Aim of the exercise
Return exactly the lines from the one containing "- поверяемые напоромеры" through the last line of the records below, both included, and leave out any pictures.

[Records from a data source]
= = =

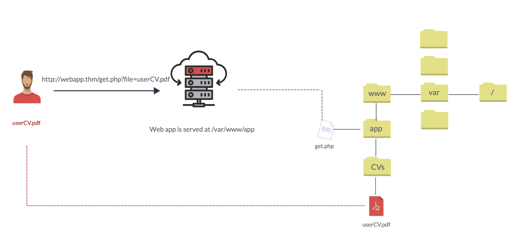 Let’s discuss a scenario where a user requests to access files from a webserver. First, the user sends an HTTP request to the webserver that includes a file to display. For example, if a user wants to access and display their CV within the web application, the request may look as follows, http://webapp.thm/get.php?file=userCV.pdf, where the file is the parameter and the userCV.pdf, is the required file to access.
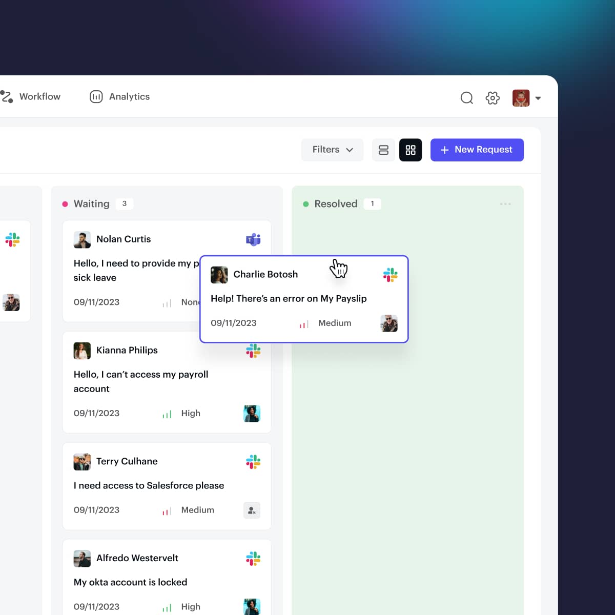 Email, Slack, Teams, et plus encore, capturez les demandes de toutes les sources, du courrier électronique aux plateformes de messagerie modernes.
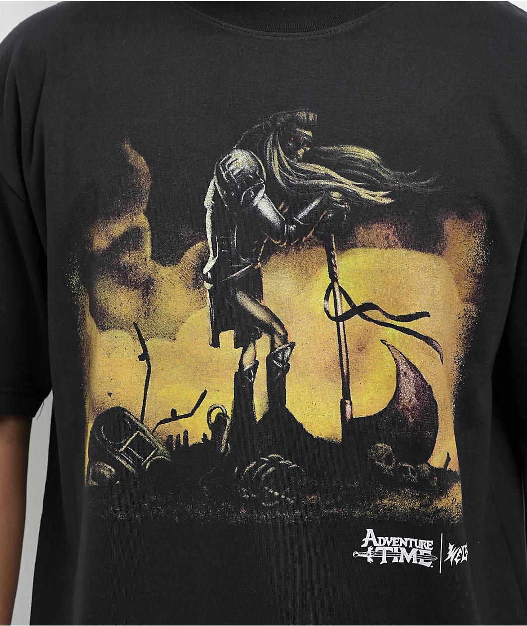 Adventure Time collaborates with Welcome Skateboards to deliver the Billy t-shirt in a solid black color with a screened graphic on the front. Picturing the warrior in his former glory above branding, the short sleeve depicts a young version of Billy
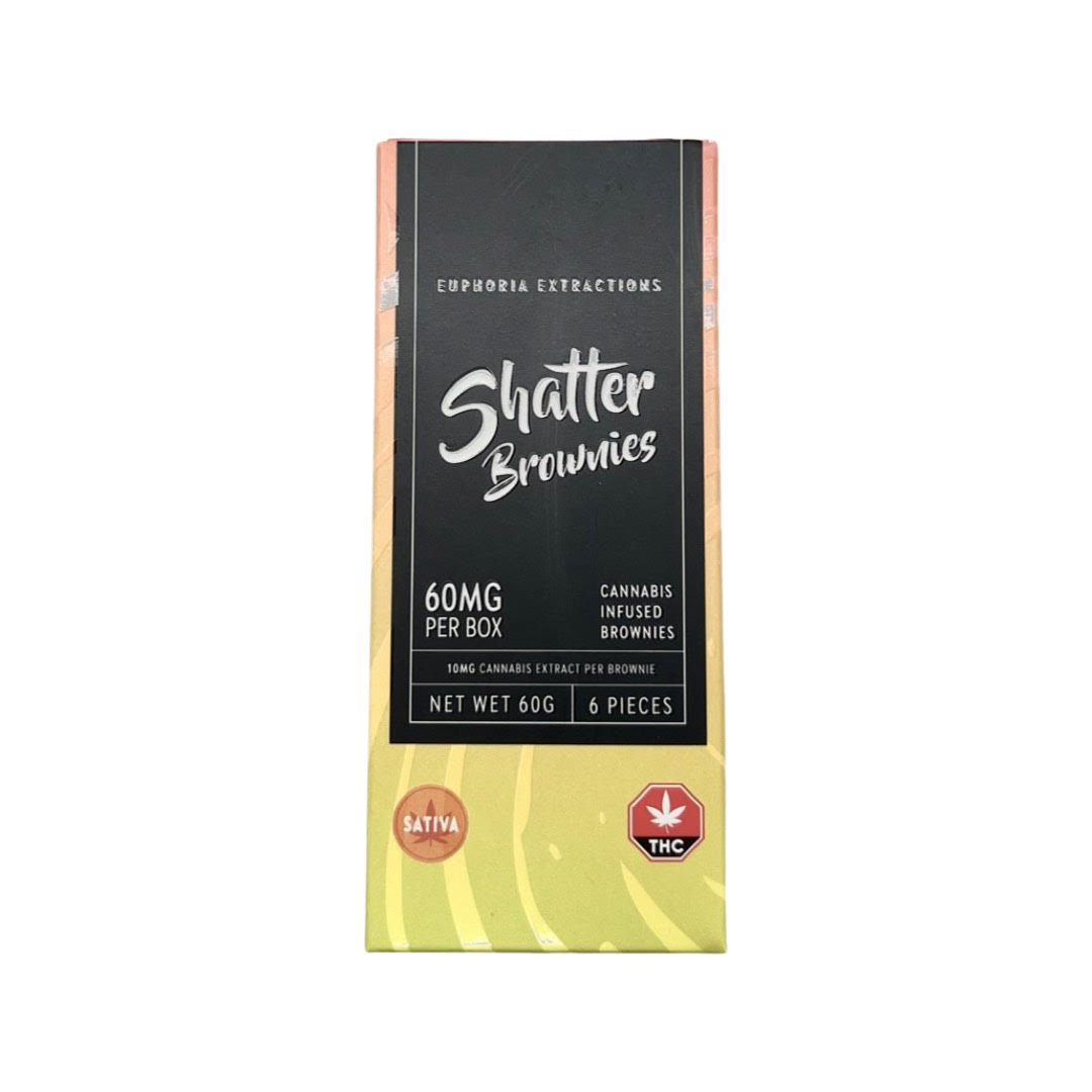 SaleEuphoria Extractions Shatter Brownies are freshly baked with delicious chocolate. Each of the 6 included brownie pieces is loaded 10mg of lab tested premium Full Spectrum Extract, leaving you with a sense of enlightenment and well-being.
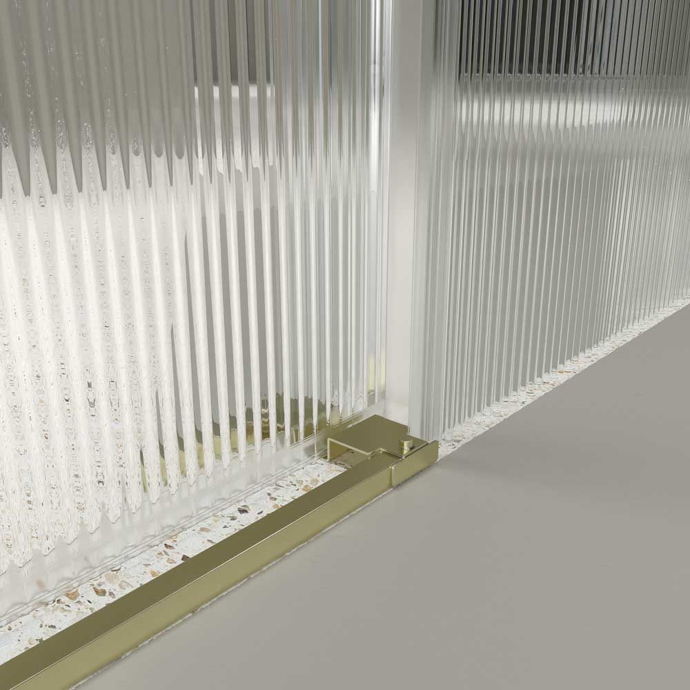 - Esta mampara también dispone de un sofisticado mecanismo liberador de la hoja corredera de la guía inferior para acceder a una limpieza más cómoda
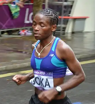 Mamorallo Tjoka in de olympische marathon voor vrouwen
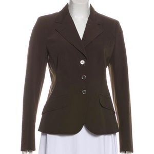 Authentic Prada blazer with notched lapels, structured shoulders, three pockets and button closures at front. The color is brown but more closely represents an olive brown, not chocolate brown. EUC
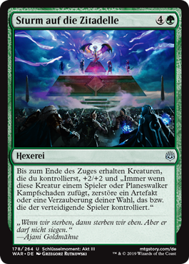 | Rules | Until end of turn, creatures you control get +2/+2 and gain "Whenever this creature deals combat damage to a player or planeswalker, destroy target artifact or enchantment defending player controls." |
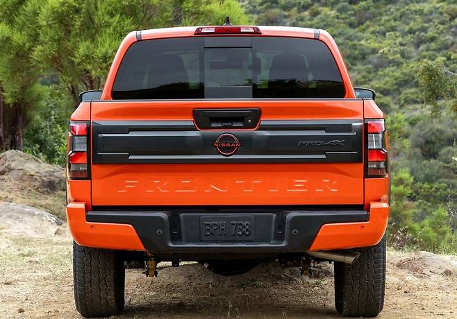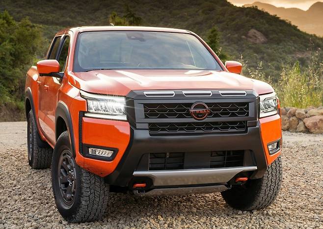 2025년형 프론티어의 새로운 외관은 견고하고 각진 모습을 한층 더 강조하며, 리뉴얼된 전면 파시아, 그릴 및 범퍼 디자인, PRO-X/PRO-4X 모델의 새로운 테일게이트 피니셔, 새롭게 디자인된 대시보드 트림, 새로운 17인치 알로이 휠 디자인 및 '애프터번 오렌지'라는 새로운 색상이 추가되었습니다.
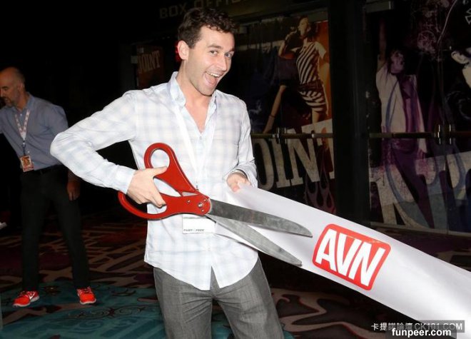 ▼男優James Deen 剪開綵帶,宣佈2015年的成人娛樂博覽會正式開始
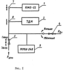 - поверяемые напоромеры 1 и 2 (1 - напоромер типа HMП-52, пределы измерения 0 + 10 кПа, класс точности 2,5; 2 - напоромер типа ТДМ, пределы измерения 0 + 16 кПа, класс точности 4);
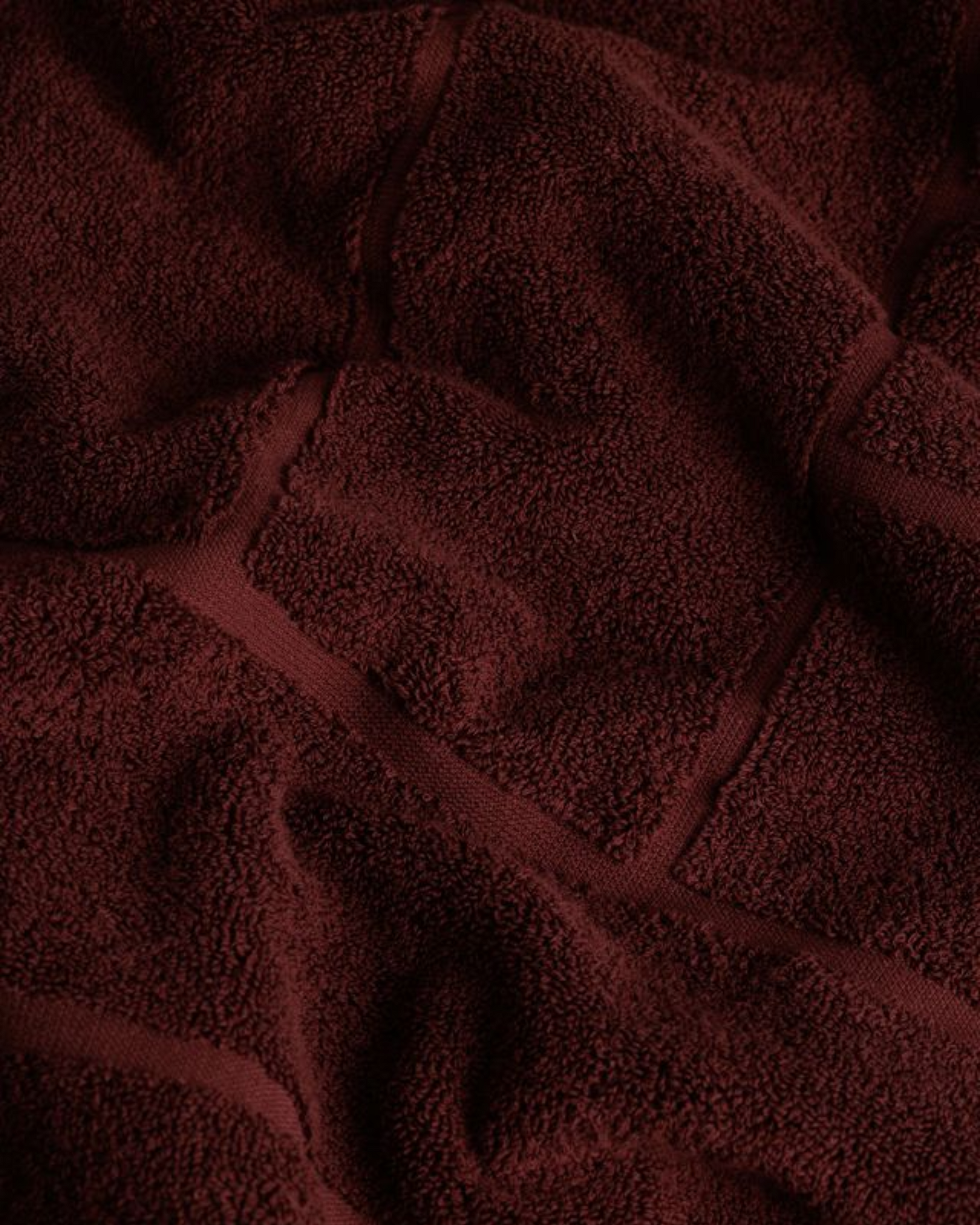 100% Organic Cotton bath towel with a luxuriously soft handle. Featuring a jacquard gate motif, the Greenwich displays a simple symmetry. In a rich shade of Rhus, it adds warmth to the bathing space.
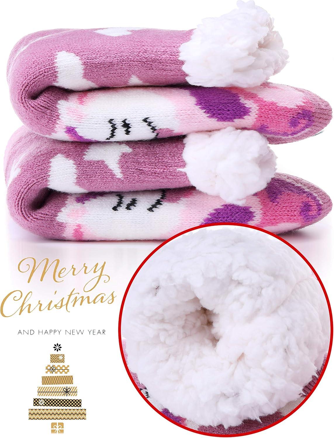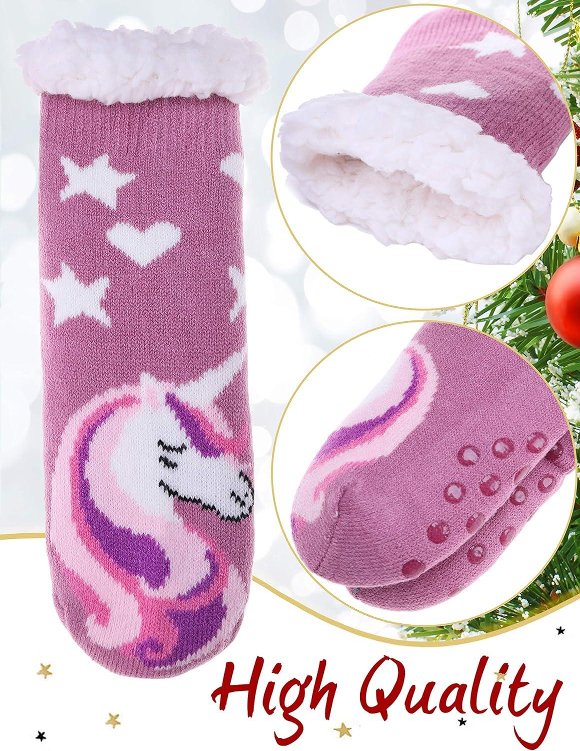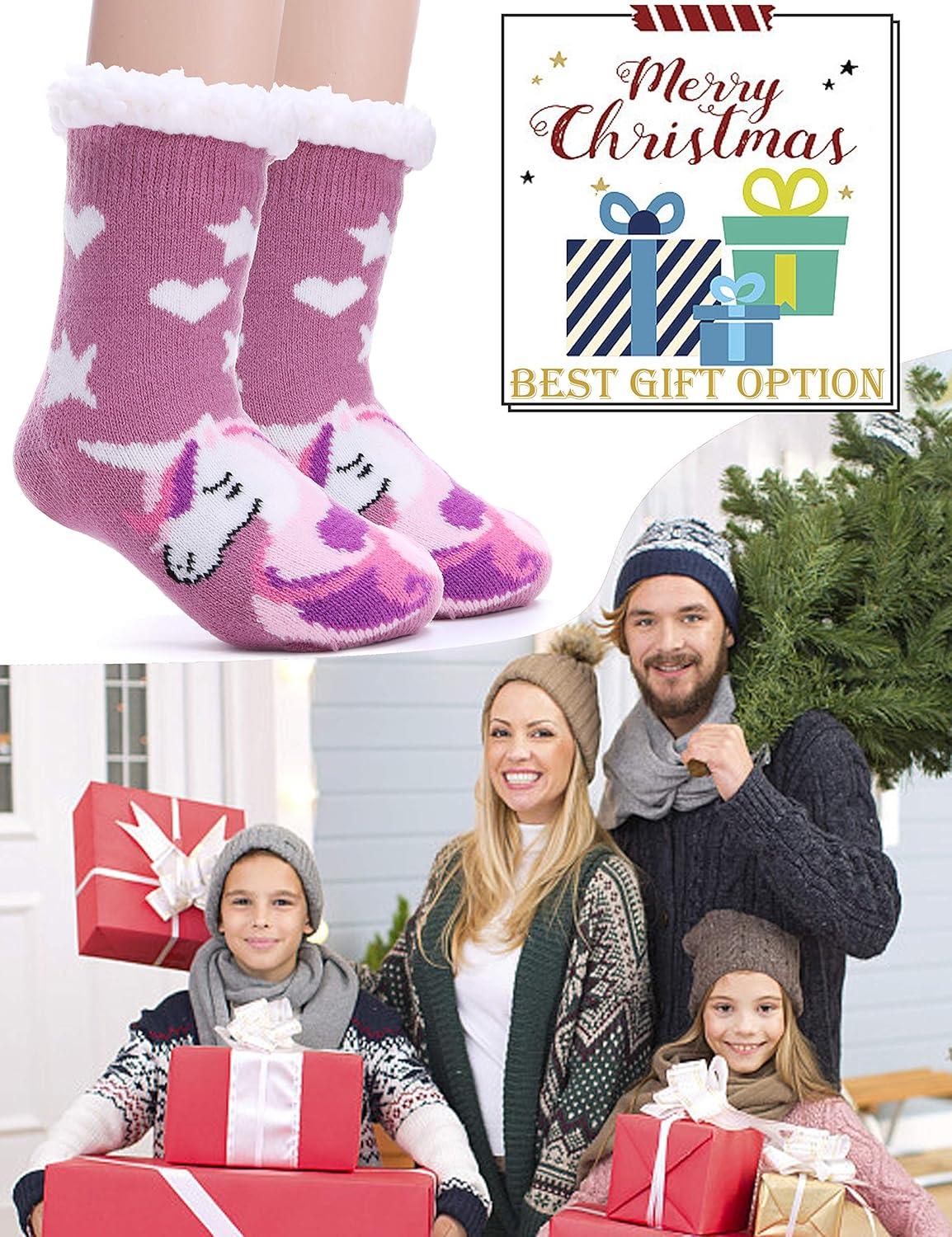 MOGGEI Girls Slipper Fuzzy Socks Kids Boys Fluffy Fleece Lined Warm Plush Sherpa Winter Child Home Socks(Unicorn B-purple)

= = =

Result of the task
 - поверяемые напоромеры 1 и 2 (1 - напоромер типа HMП-52, пределы измерения 0 + 10 кПа, класс точности 2,5; 2 - напоромер типа ТДМ, пределы измерения 0 + 16 кПа, класс точности 4);
 100% Organic Cotton bath towel with a luxuriously soft handle. Featuring a jacquard gate motif, the Greenwich displays a simple symmetry. In a rich shade of Rhus, it adds warmth to the bathing space.
 MOGGEI Girls Slipper Fuzzy Socks Kids Boys Fluffy Fleece Lined Warm Plush Sherpa Winter Child Home Socks(Unicorn B-purple)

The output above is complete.